____ Data excerpt
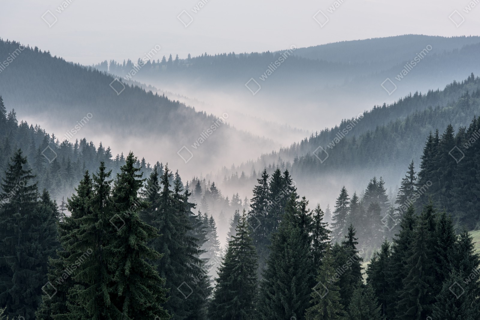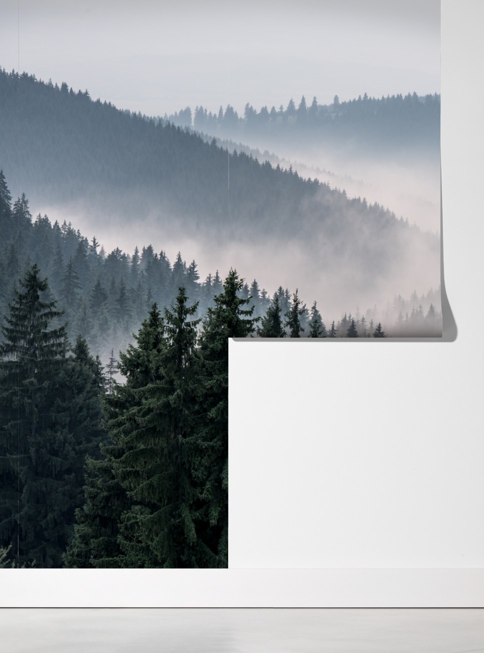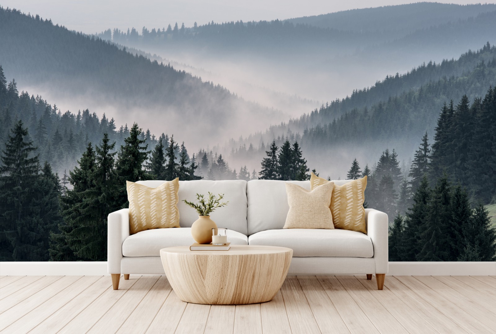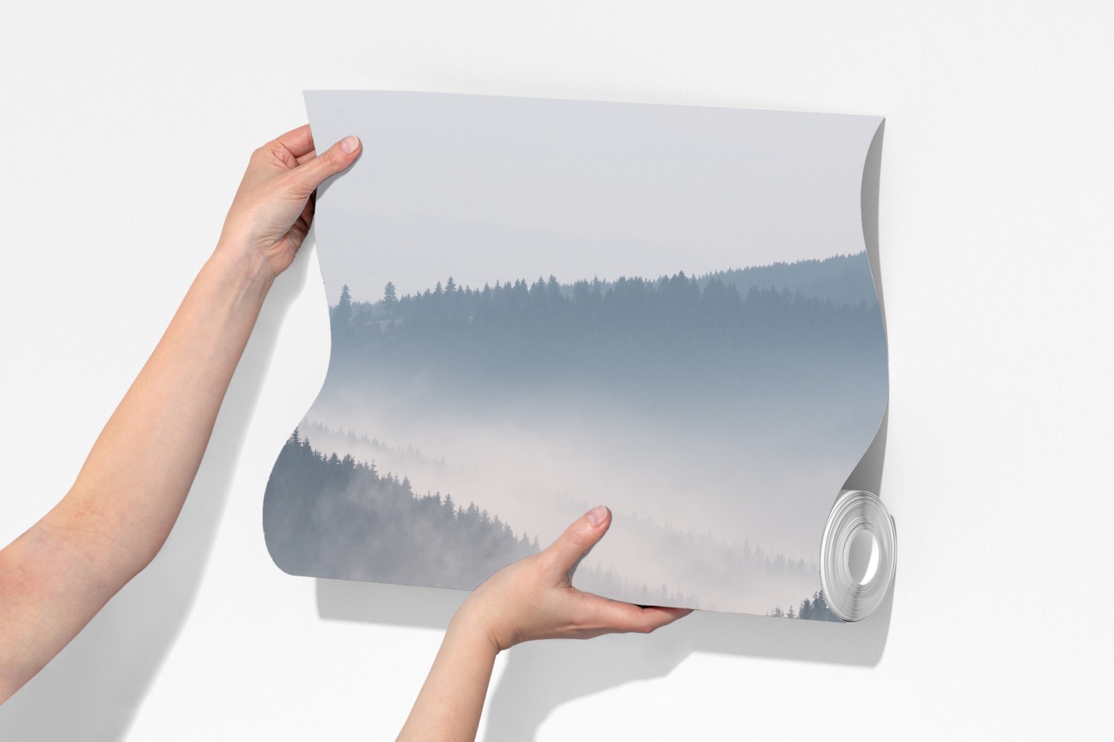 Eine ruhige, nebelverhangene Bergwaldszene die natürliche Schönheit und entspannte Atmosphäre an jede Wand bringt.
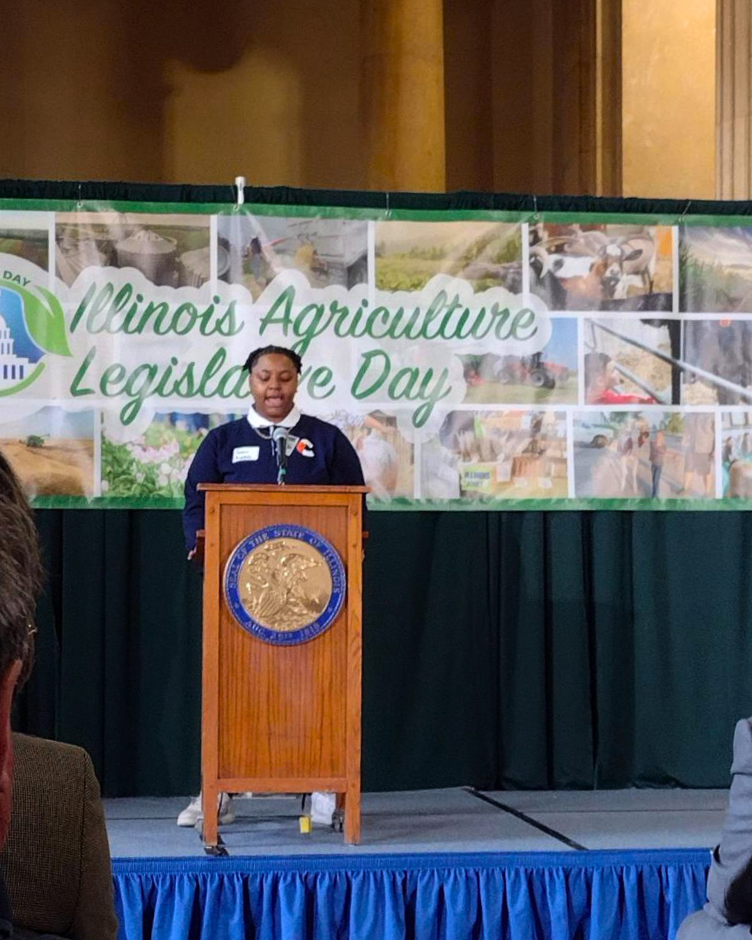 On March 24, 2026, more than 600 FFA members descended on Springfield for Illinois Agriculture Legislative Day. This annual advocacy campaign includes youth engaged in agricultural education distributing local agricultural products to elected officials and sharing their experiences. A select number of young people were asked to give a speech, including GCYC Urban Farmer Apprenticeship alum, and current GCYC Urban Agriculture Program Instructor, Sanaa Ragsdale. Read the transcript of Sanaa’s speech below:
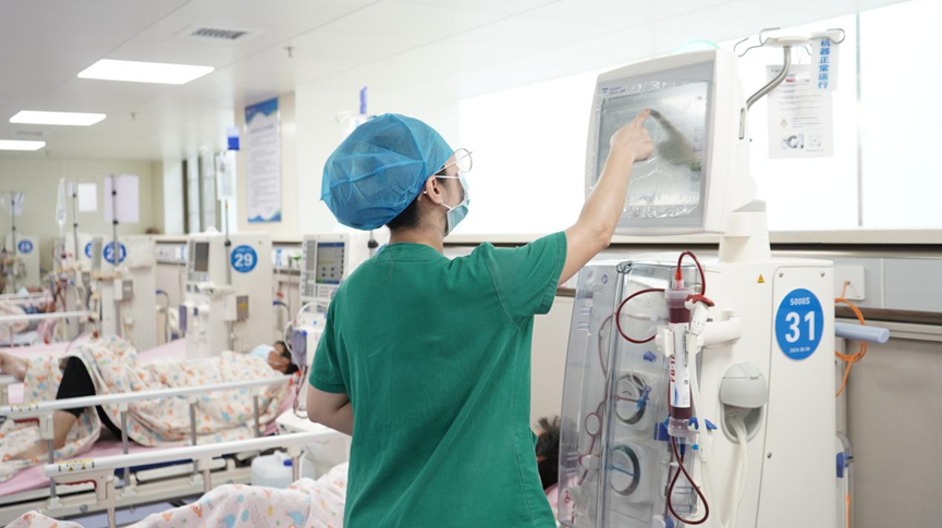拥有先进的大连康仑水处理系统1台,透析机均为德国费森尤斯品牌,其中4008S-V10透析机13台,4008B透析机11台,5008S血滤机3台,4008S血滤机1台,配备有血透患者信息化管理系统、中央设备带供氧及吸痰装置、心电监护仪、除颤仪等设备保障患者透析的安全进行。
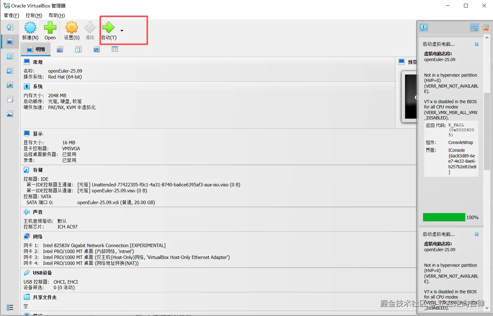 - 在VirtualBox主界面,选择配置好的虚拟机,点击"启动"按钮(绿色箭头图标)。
________
■ What the task requires:
Could you return the listing above exactly, minus its pictures?

■ Expected answer:
 Eine ruhige, nebelverhangene Bergwaldszene die natürliche Schönheit und entspannte Atmosphäre an jede Wand bringt.
 On March 24, 2026, more than 600 FFA members descended on Springfield for Illinois Agriculture Legislative Day. This annual advocacy campaign includes youth engaged in agricultural education distributing local agricultural products to elected officials and sharing their experiences. A select number of young people were asked to give a speech, including GCYC Urban Farmer Apprenticeship alum, and current GCYC Urban Agriculture Program Instructor, Sanaa Ragsdale. Read the transcript of Sanaa’s speech below:
拥有先进的大连康仑水处理系统1台,透析机均为德国费森尤斯品牌,其中4008S-V10透析机13台,4008B透析机11台,5008S血滤机3台,4008S血滤机1台,配备有血透患者信息化管理系统、中央设备带供氧及吸痰装置、心电监护仪、除颤仪等设备保障患者透析的安全进行。
 - 在VirtualBox主界面,选择配置好的虚拟机,点击"启动"按钮(绿色箭头图标)。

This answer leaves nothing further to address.